Endpoint conclusion:

no study available

Additional information

There are in vitro data available regarding skin irritation and eye irritation / corrosion for 3,3,4,4,5,5,6,6,7,7,8,8,8-tridecafluorooct-1-ene (CAS 25291-17-2) in order to fulfil the standard data requirements defined in Regulation (EC) No 1907/2006, Annex VIII, 8.1 and 8.2.

Skin

The skin irritation potential of the registered substance was determined by an in vitro skin irritation test using a human skin model according to OECD Guideline 439 and in compliance with GLP (Fujishima, 2017). In this study the test substance did not show irritating properties towards human-derived epidermal keratinocytes.

Therefore, 3,3,4,4,5,5,6,6,7,7,8,8,8-tridecafluorooct-1-ene is not considered to be a skin irritant.

 

Eye

The eye irritation/corrosion potential of the registered substance was determined by an in vitro eye irritation test using a reconstructed human cornea-like model according to OECD Guideline 492 and in compliance with GLP (Fujishima, 2017). In this study the test substance did not show irritating properties towards the EpiOcular tissue.
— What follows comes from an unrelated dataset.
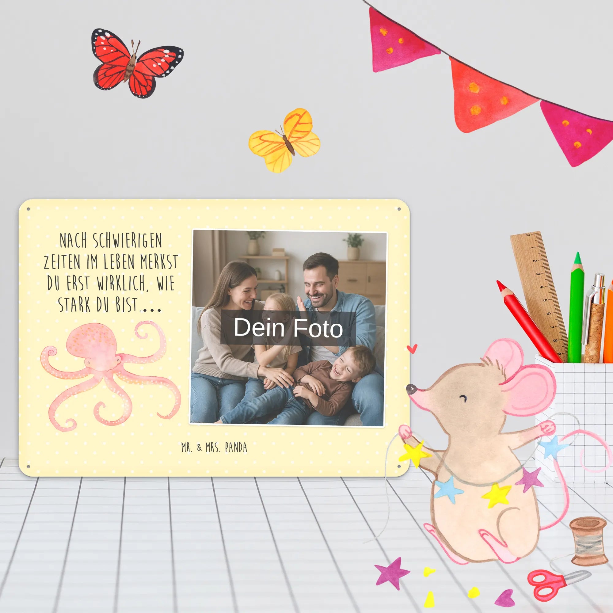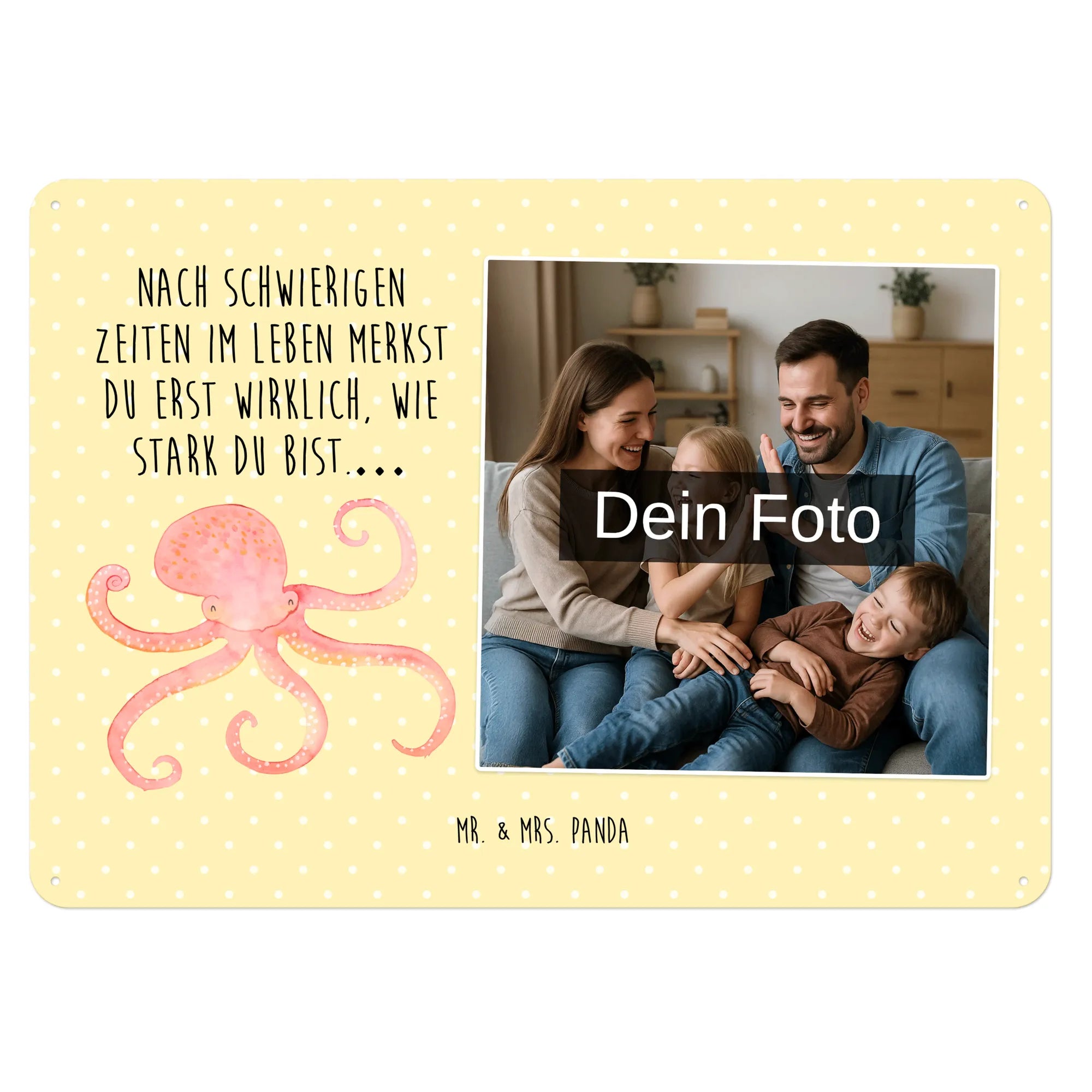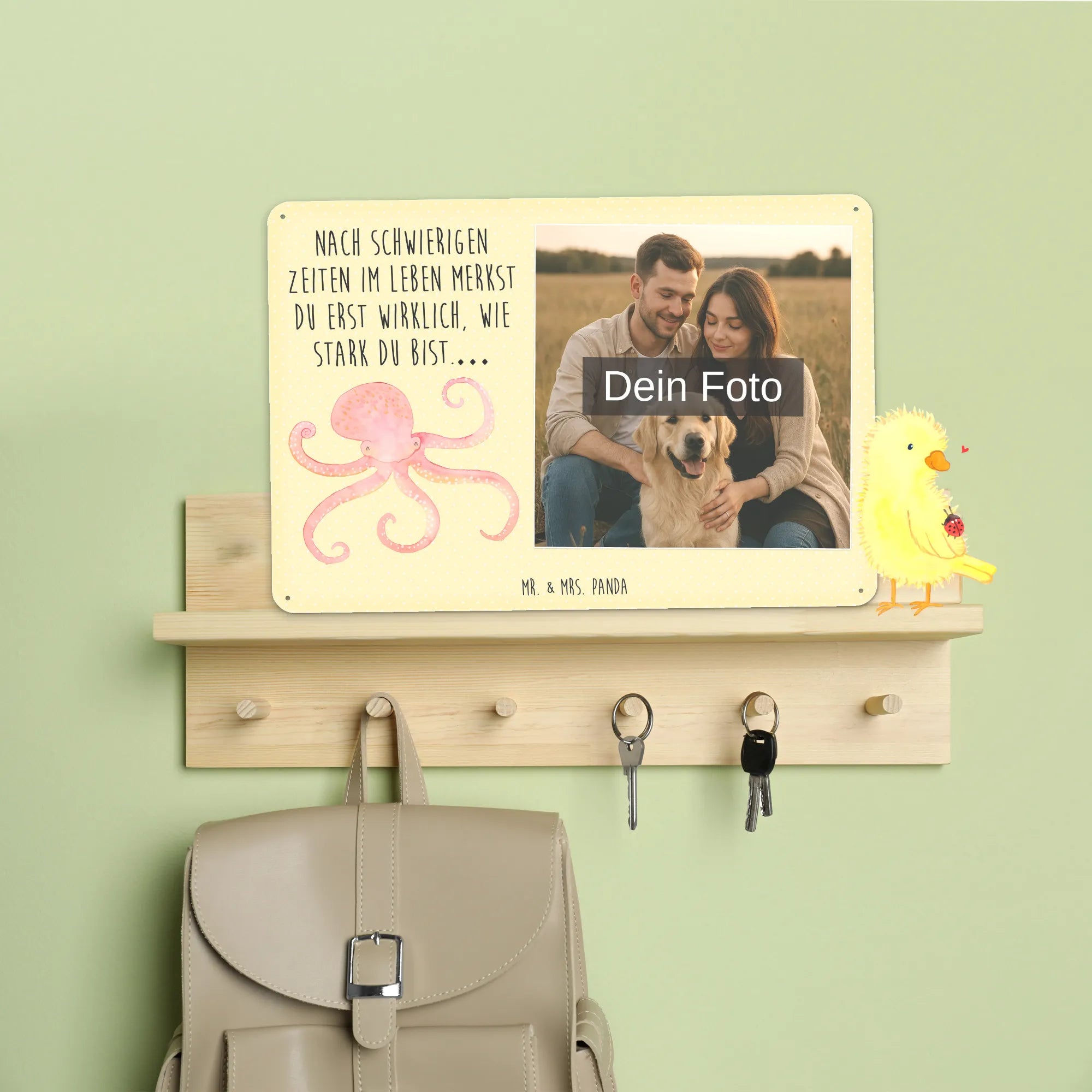Unser Foto Blechschild personalisiert von Mr. & Mrs. Panda macht jedes Zuhause ein Stückchen gemütlicher. Bedruckt mit liebevollen Motiven und kurzen Sprüchen, kannst du dein eigenes Foto hinzufügen und so ein individuelles Deko-Highlight schaffen. Hergestellt aus edlem Stahlblech ohne Wölbung, mit seidenmatter Oberfläche und langlebigem Druck. Maße: 70 mm x 420 mm x 297 mm. Das Schild verfügt über vier Bohrungen zur sicheren Befestigung, abgerundete Ecken und umgefalzte Kanten für ein sauberes Finish. Ideal für Innenräume wie Flur, Wohn- oder Arbeitszimmer und perfekt als Geschenkidee. Achte beim Hochladen deines Fotos auf hohe Auflösung und den richtigen Bildausschnitt sowie auf vorhandene Bildrechte. Zur Reinigung reicht ein feuchtes Tuch. Das Blechschild ist in verschiedenen Größen erhältlich, sodass du die passende Variante für deine Tür oder Wand findest. Ob als persönliche Begrüßung an der Haustür oder als dekorative Erinnerung im Wohnzimmer – dieses Foto Blechschild personalisiert verbindet langlebige Qualität mit dem unverwechselbaren Charme von Mr. & Mrs. Panda.

Therefore, 3,3,4,4,5,5,6,6,7,7,8,8,8-tridecafluorooct-1-ene is not considered to be an eye irritant.

Justification for classification or non-classification

The available data on skin irritation and eye irritation do not meet the criteria for classification according to Regulation (EC) 1272/2008, and are therefore conclusive but not sufficient for classification.